Una vez Julien Sorel ingresa en los círculos de la aristocracia parisina, ya ha aprendido la mayoría de los pasos de la persuasión sentimental. Y Mathilde de la Mole, su segunda amante, es, para algunos críticos, Julien con ropas de mujer, rebelde, impaciente, y condenada a una vida estéril, en un orden social que le niega toda actividad, más allá de las tareas reproductivas. Además, es imposible ponerse a la altura de Madame Renal, una de las grandes figuras trágicas de la literatura. (Me gusta mucho más que Madame Bovary).   

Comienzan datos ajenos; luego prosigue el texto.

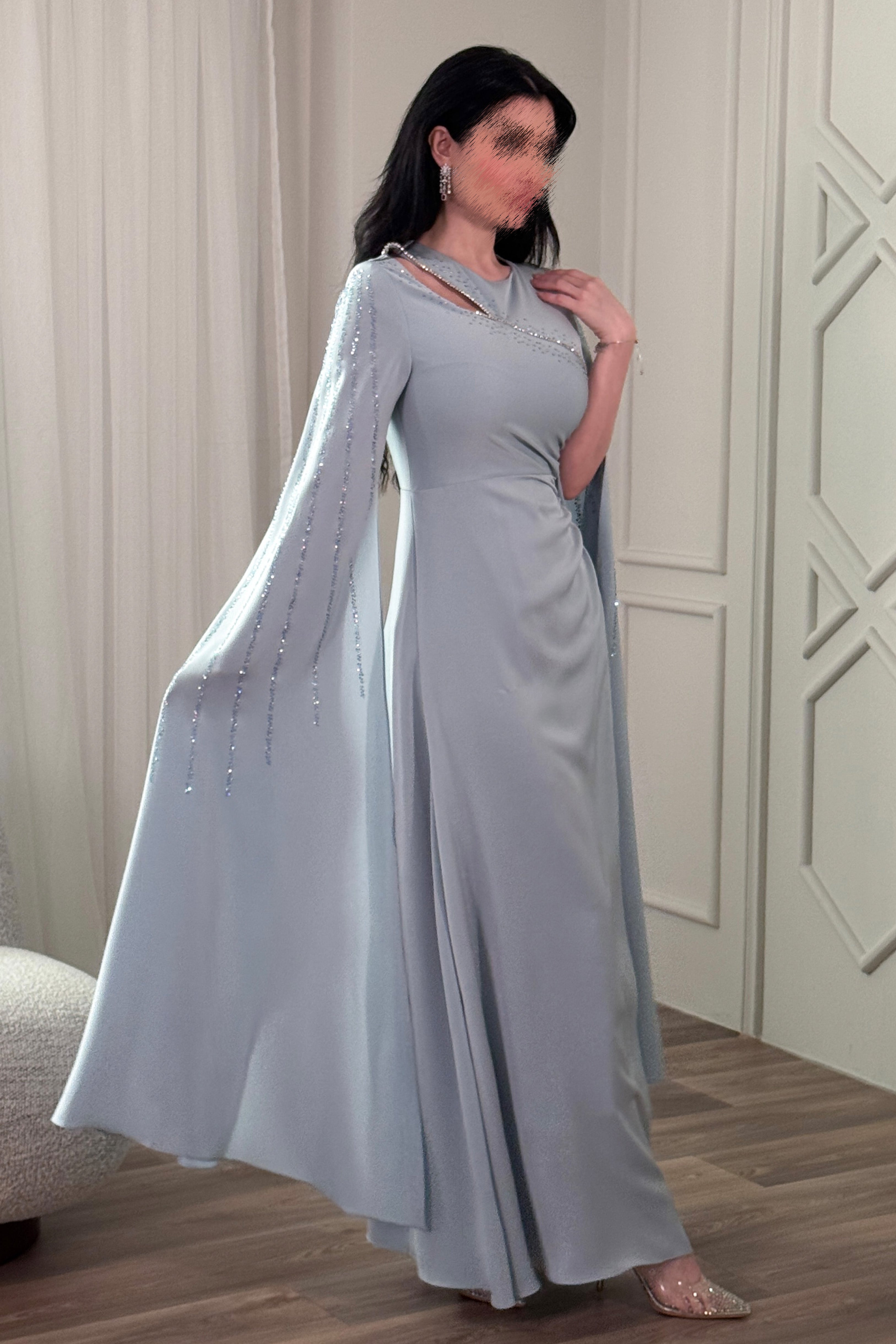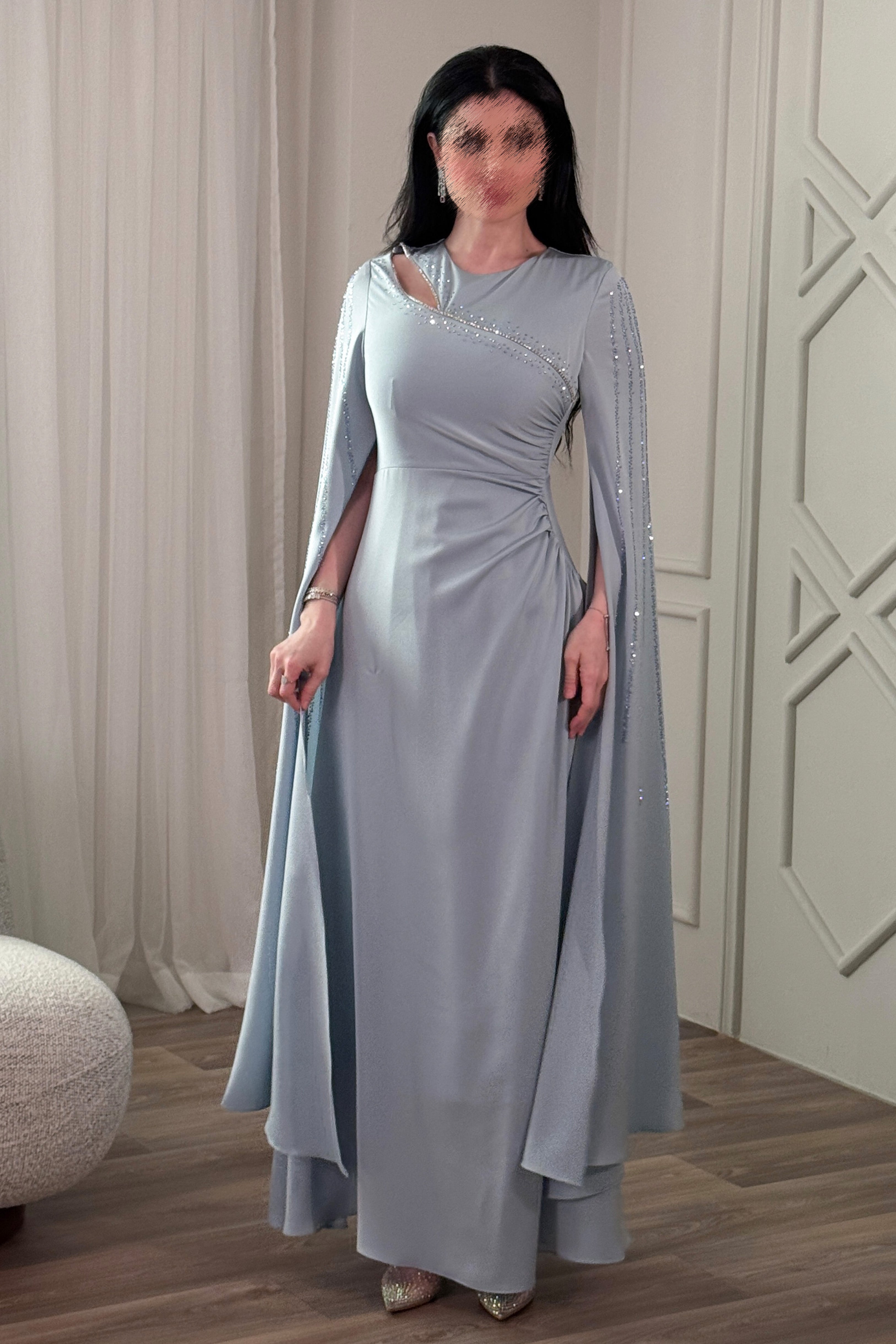 Design type Maxi cape dress with slit at the chest Story type Draped cape maxi dress with ruffled neckline The occasion Public outing or special occasions waist narrow collar Circular sleeves Cape stretching Non-stretchable Material crepe Care instructions Wash and steam iron at low temperature 40 percent and hang dry
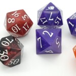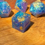 There are a lot of options you can choose from when making dice, but let’s start with the resin itself. Being a barely intermediate dice maker, I’ve only worked with 1 kind of resin: epoxy. There’s also UV resin, which cures under a UV light (great for doing layers and multi-tone dice), and probably some others that we have not yet looked into. We went with 2 part epoxy resin simply because it was recommended by Rybonator, who was our first tutor into our dice making foray.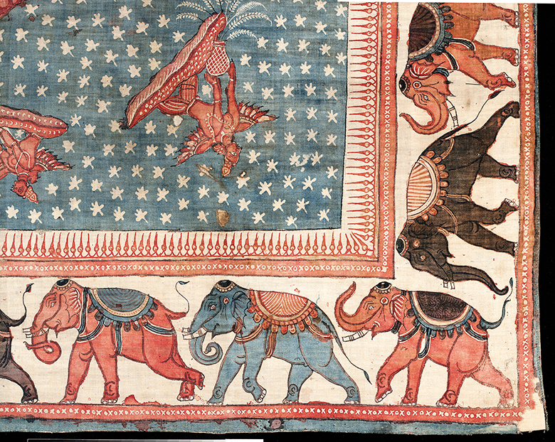画像右)《白地蓮華象文様天蓋布》(部分)18世紀 Karun Thakar Collection, London. Photo by Desmond Brambley
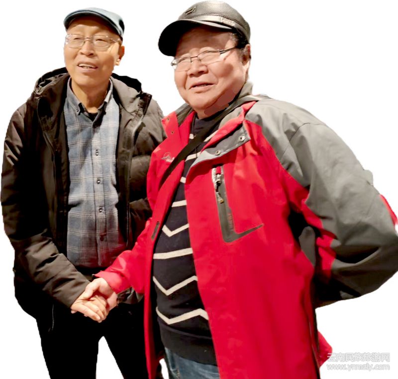 麗江市攝影家協(xié)會副主席、華坪縣攝影家協(xié)會主席(左)與云南民族旅游網(wǎng)主編尹紹平在展會上合影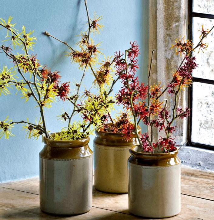 养护难度很低:金缕梅耐阴耐寒,冬天放在室内半阴处也能生长,不用刻意晒太阳;土壤保持微湿即可,浇水不用太勤,每周1-2次就行。它的花朵小巧精致,花期在冬末春初,开花时既能赏景,又能抗菌,特别适合冬天养。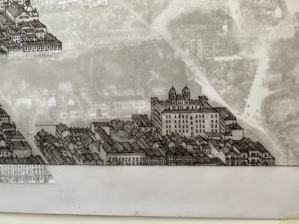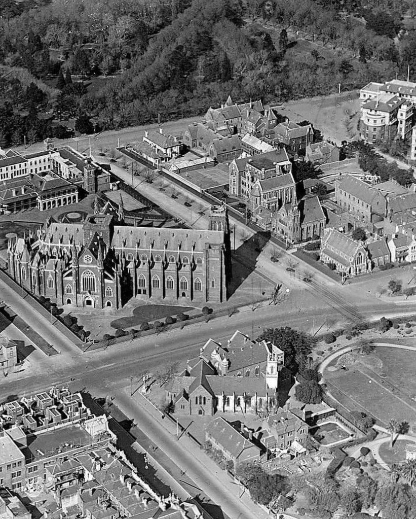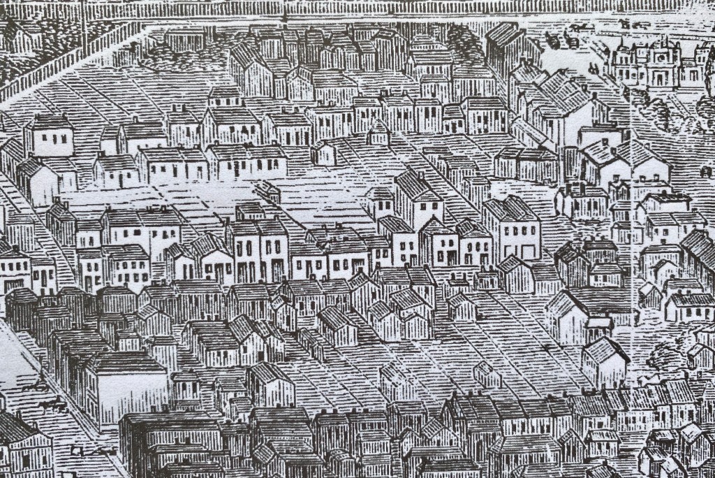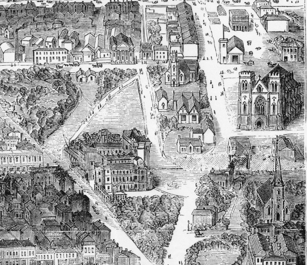 I had this print above my desk when I was a teenager – I guess mum got it for me, and where my heritage interest started ! It’s by Samuel Calvert, β€˜a birds eye view’, but i think entirely done from the ground, not a balloon. You can download a very large version from the @library_vic, and blow it up – I’ve shown some details of the Exhibition Building, Parliament House without its front, St Patricks without its spires, and the grand Eastern Market. You can see join marks and gaps, and just how wonky it is in parts eg Latrobe Street almost not there, and Victoria Parade looks parallel to Bourke Street. Lots of cute tiny horse and carts. I’m thinking of doing a version of that end but based on my plan of what Hoddle should have done, and Parliament House with it’s dome finished – do you think that would be worth it ?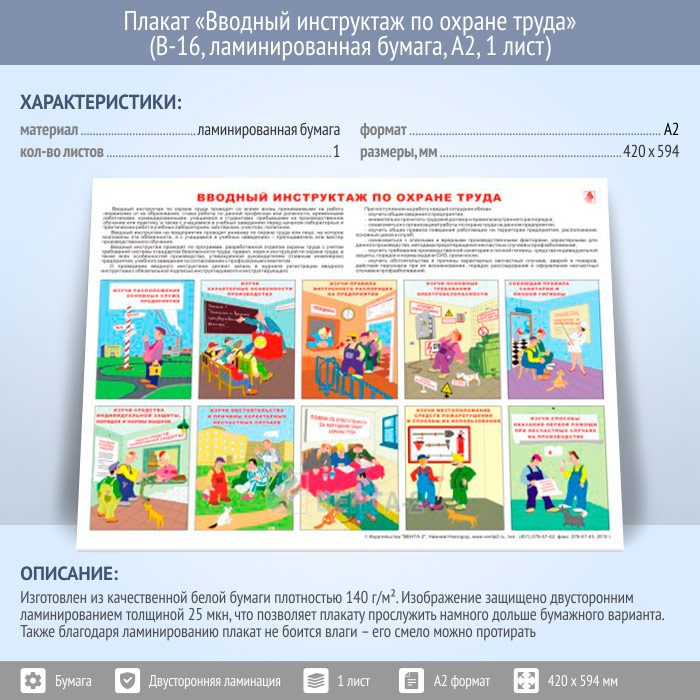 Плакат «Вводный инструктаж по охране труда» (В-16, ламинированная бумага, А2, 1 лист) в Тюмени купить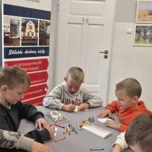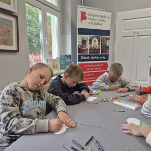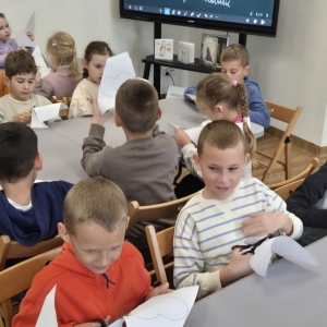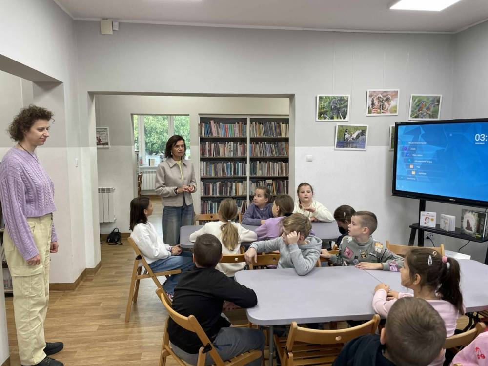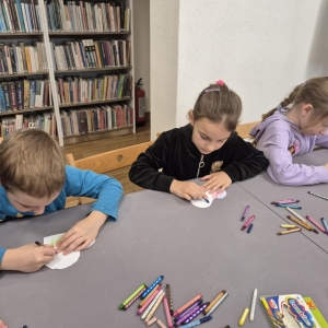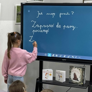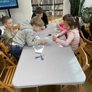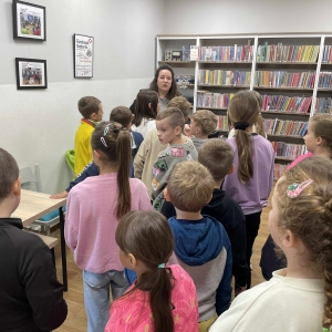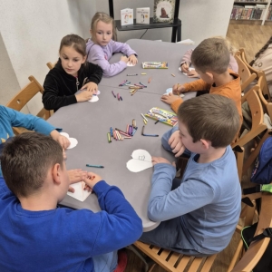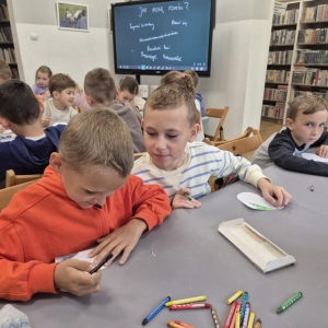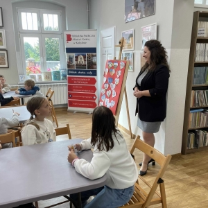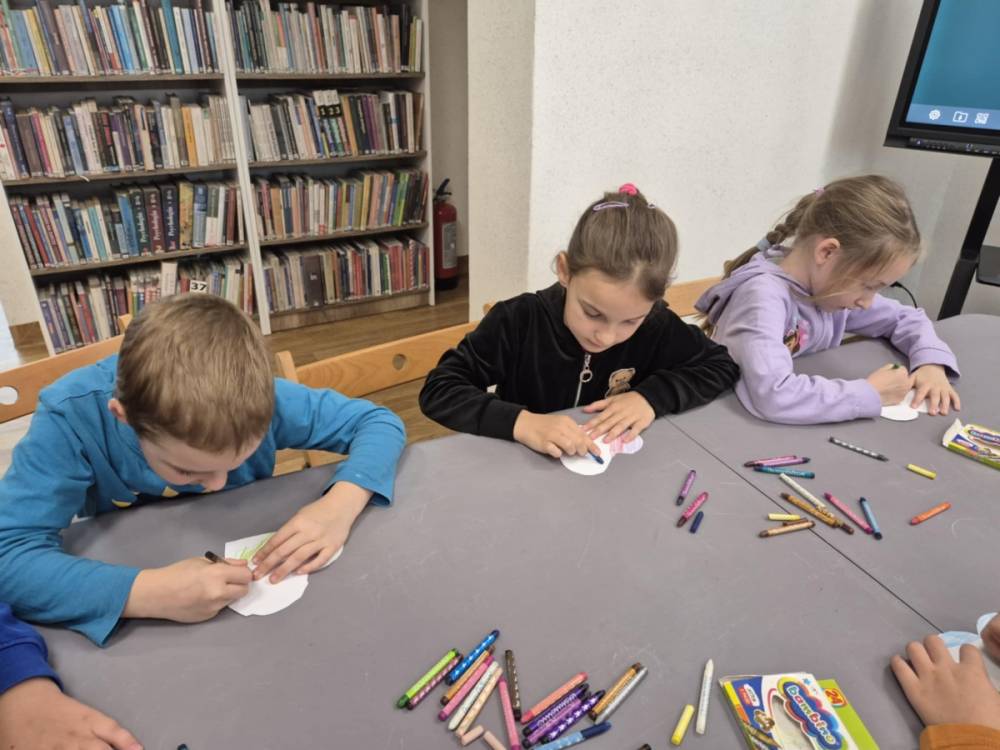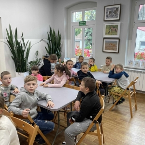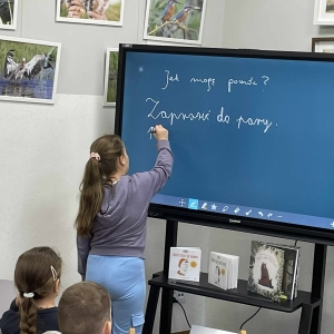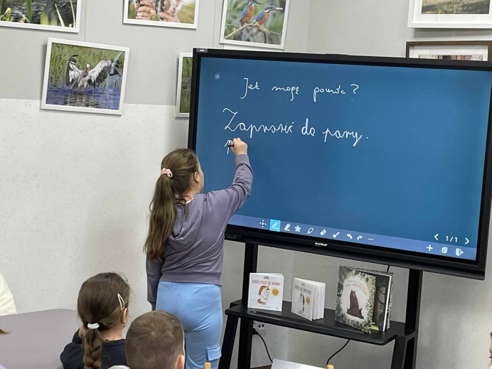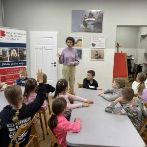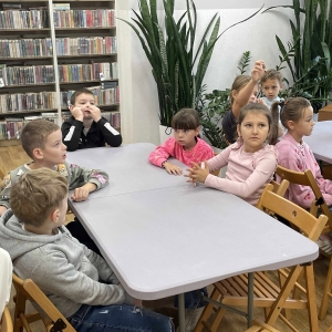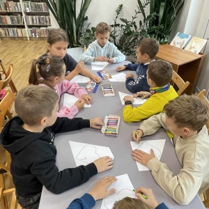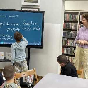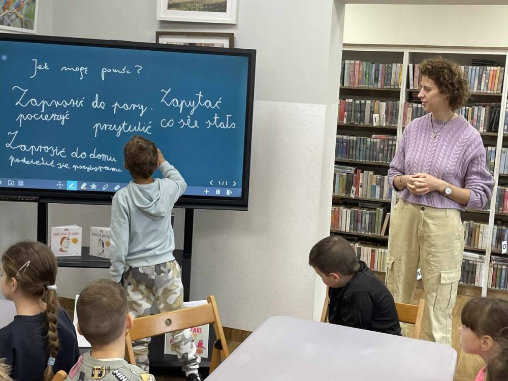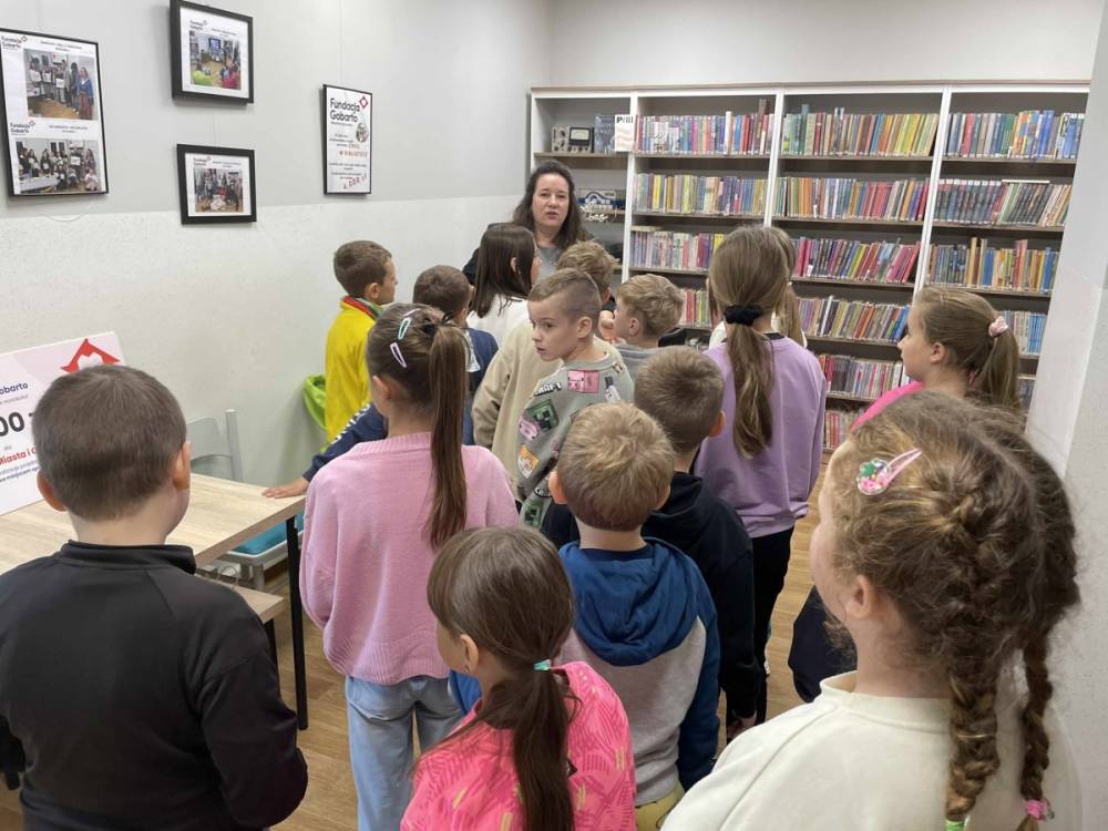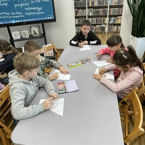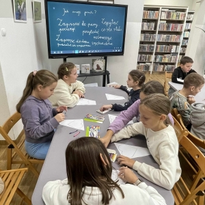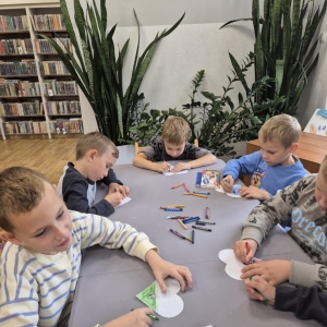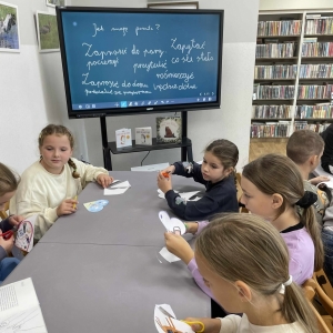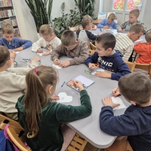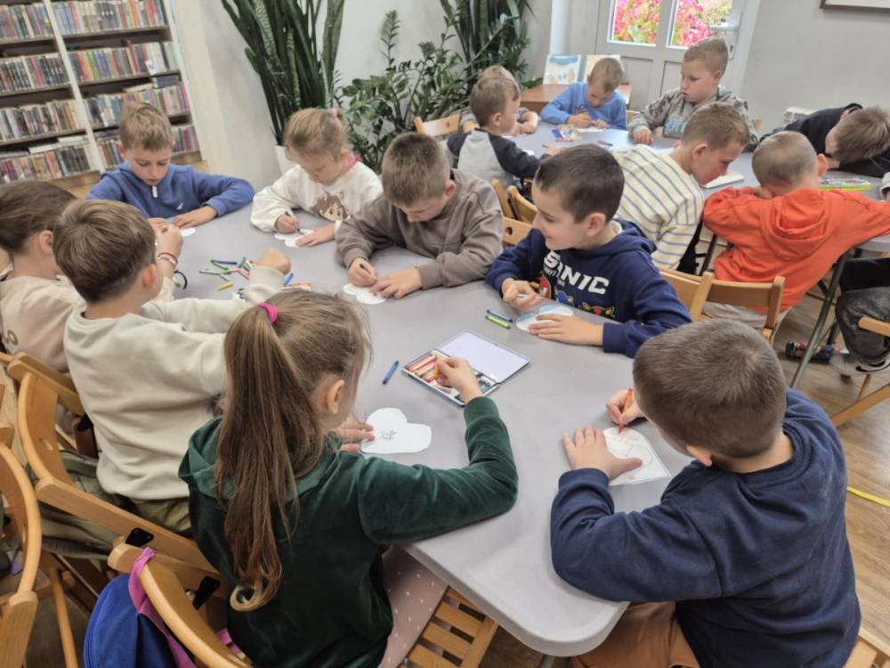 Galeria zdjęć przedstawia uczniów, którzy siedząc na drewnianych krzesłach przy stołach w holu biblioteki, słuchali opowiadanych historii z książki. Niektórzy z nich podchodzili do multimedialnej tablicy, na której zapisywali swoje odpowiedzi na zadane pytania przez prowadzącą zajęcia. Dzieci rysowały na wyciętych serduszkach kolorowymi kredkami i przyklejały je na czerwony bristol. Uczniowie zwiedzali poszczególne pomieszczenia biblioteki, takie jak czytelnie dla dorosłych, dzieci i młodzieży, które znajdują się na parterze i na piętrze budynku biblioteki.

Los escritores pasan por nuestra vida, como suelen hacerlo nuestros familiares o amigos. Algunos transitan y se desvanecen, otros se mantienen distantes, apenas una lejana memoria, y unos pocos nos marcan la vida, y cada vez aprendemos más de ellos. Stendhal es uno de los elegidos. No importa el libro que abramos, rubricado con su seudónimo. Todos ellos son amenos, profundamente sabios, como sus descripciones. Stendhal solo habla de seres humanos, con su fragilidad, a veces con su vanidad, o su soberana estupidez. Pero nunca desprecia a sus personajes, nunca le hace trampas al lector. Y cuando describe la pasión amorosa, es difícil encontrar alguien capaz de superarlo. Si alguien quiere enamorarse del amor, debe leer a Stendhal.